Exercise: Omitting the pictures, output all of the records precisely as written.

(Saved data entries)
►
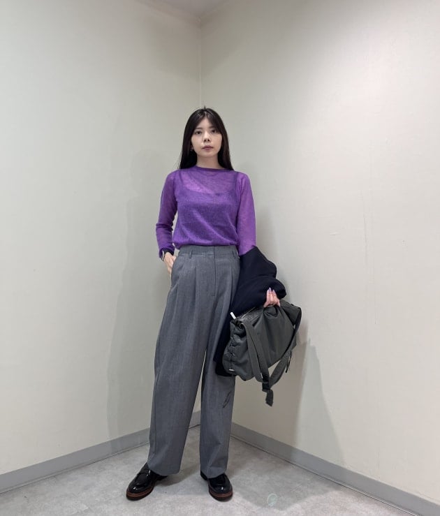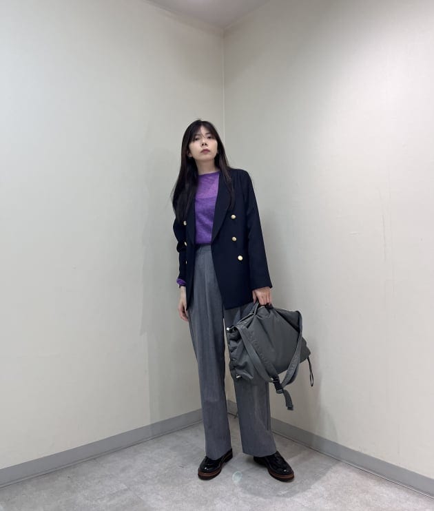 インナーに使用した紫のニットもグレーやネイビーに相性が良く、差し色としてお使い頂くのもおすすめです❤︎(私の推し色のニットです)
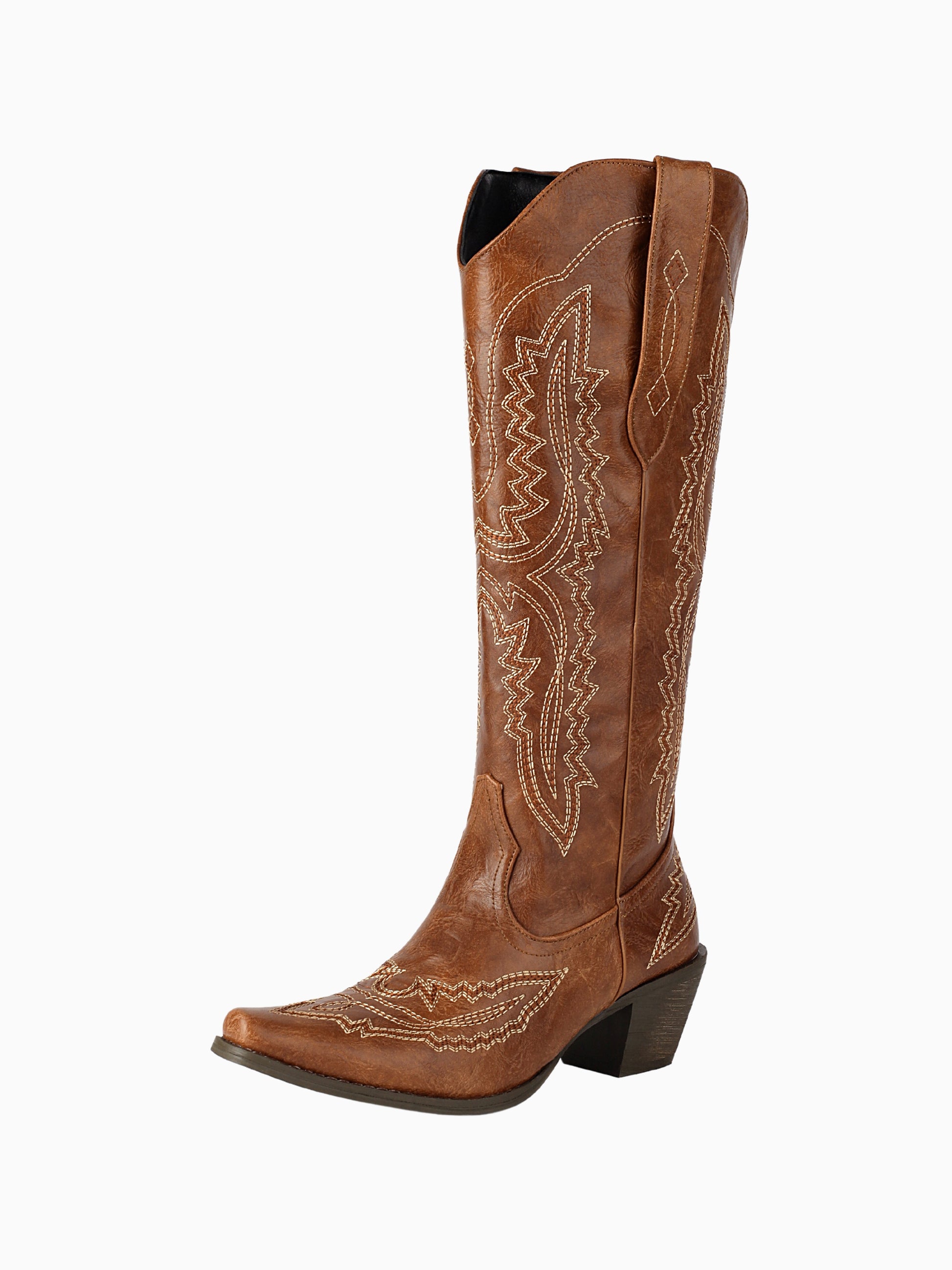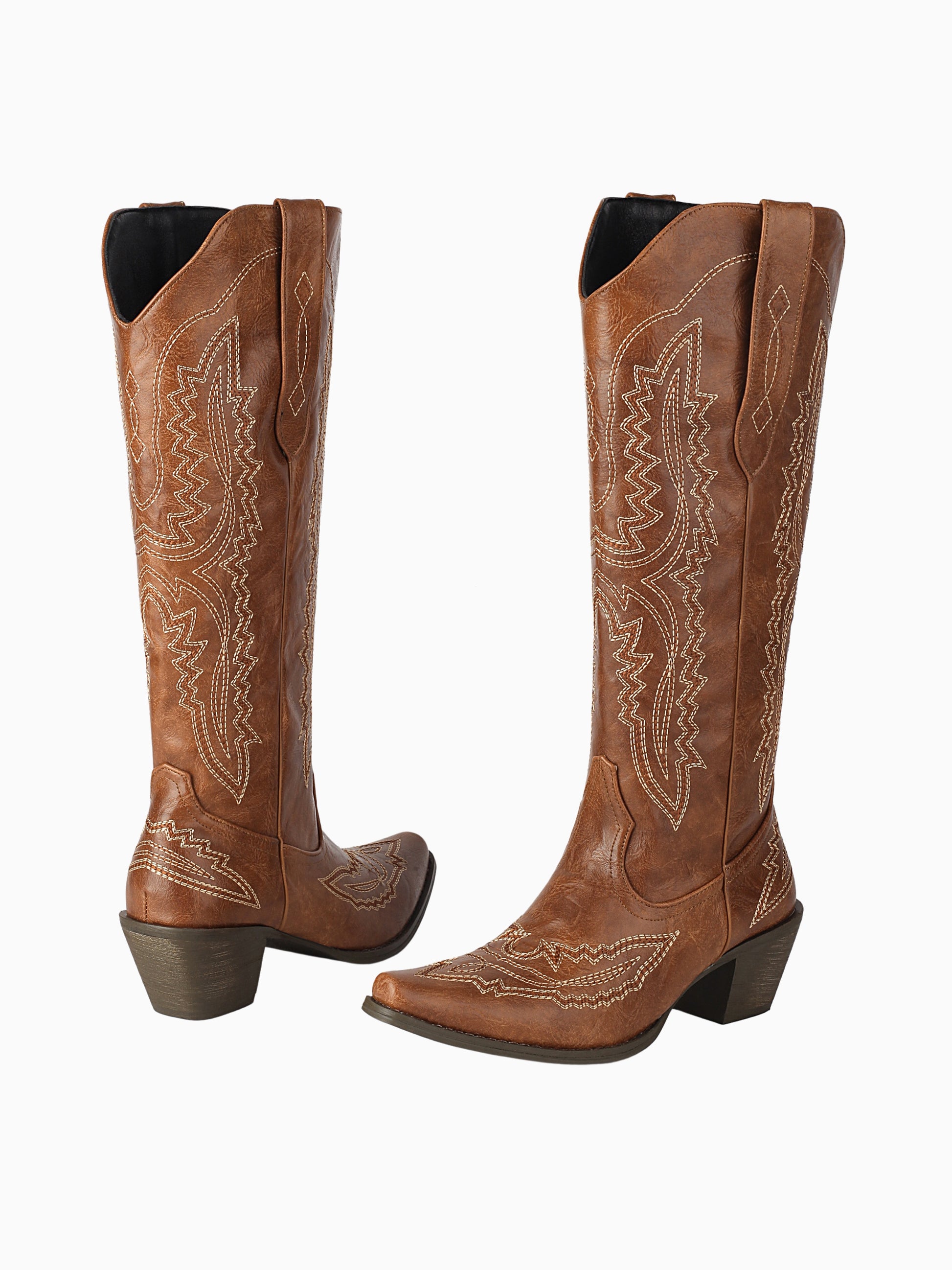 The elegant knee-high cowgirl boots in a rich dark brown showcase an intricate embroidered design, blending classic Western style with refined, southwestern-inspired sophistication.
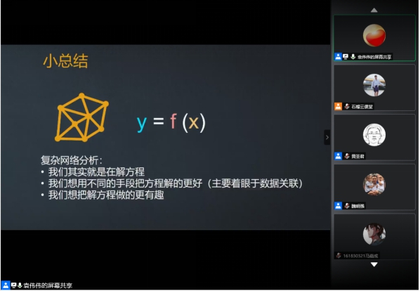 最后,袁伟伟以生动幽默的语言带领大家进入复杂网络的奇妙世界。她从“六度空间”切入,引出复杂网络的概念,并介绍了网络数据挖掘在脑网络、药物网络、社交网络等方面的应用。她指出,复杂网络结构刻画事件更全面,非常适用于节点信息不丰富的场景。
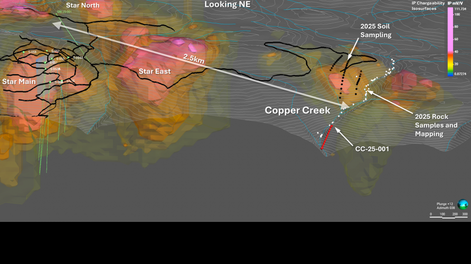 Company CEO Darryl Jones notes "Collectively, the 2025 campaign mapping, soils sampling and first drill hole confirms continuity with historic copper mineralization and meaningfully advances Copper Creek toward identifying the porphyry-style source driving the drainage-scale anomalies. The drilling data significantly increases the overall scope of our Star Project and offers intriguing early indications of a regional large scale copper deposit. We are compiling results from the 2025 fieldwork and look forward to reporting the assay results from drill hole CC-25-001 as well as the related sampling which is sure to have an interesting and potentially very positive impact on our plans for 2026 with the aim to extend confirmatory drilling on the Copper Creek target."
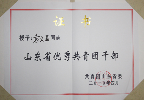 我校团委书记袁文昌荣获“山东省优秀共青团干部”称号 [附图]
◄
Task output:
 インナーに使用した紫のニットもグレーやネイビーに相性が良く、差し色としてお使い頂くのもおすすめです❤︎(私の推し色のニットです)
 The elegant knee-high cowgirl boots in a rich dark brown showcase an intricate embroidered design, blending classic Western style with refined, southwestern-inspired sophistication.
 最后,袁伟伟以生动幽默的语言带领大家进入复杂网络的奇妙世界。她从“六度空间”切入,引出复杂网络的概念,并介绍了网络数据挖掘在脑网络、药物网络、社交网络等方面的应用。她指出,复杂网络结构刻画事件更全面,非常适用于节点信息不丰富的场景。
 Company CEO Darryl Jones notes "Collectively, the 2025 campaign mapping, soils sampling and first drill hole confirms continuity with historic copper mineralization and meaningfully advances Copper Creek toward identifying the porphyry-style source driving the drainage-scale anomalies. The drilling data significantly increases the overall scope of our Star Project and offers intriguing early indications of a regional large scale copper deposit. We are compiling results from the 2025 fieldwork and look forward to reporting the assay results from drill hole CC-25-001 as well as the related sampling which is sure to have an interesting and potentially very positive impact on our plans for 2026 with the aim to extend confirmatory drilling on the Copper Creek target."
 我校团委书记袁文昌荣获“山东省优秀共青团干部”称号 [附图]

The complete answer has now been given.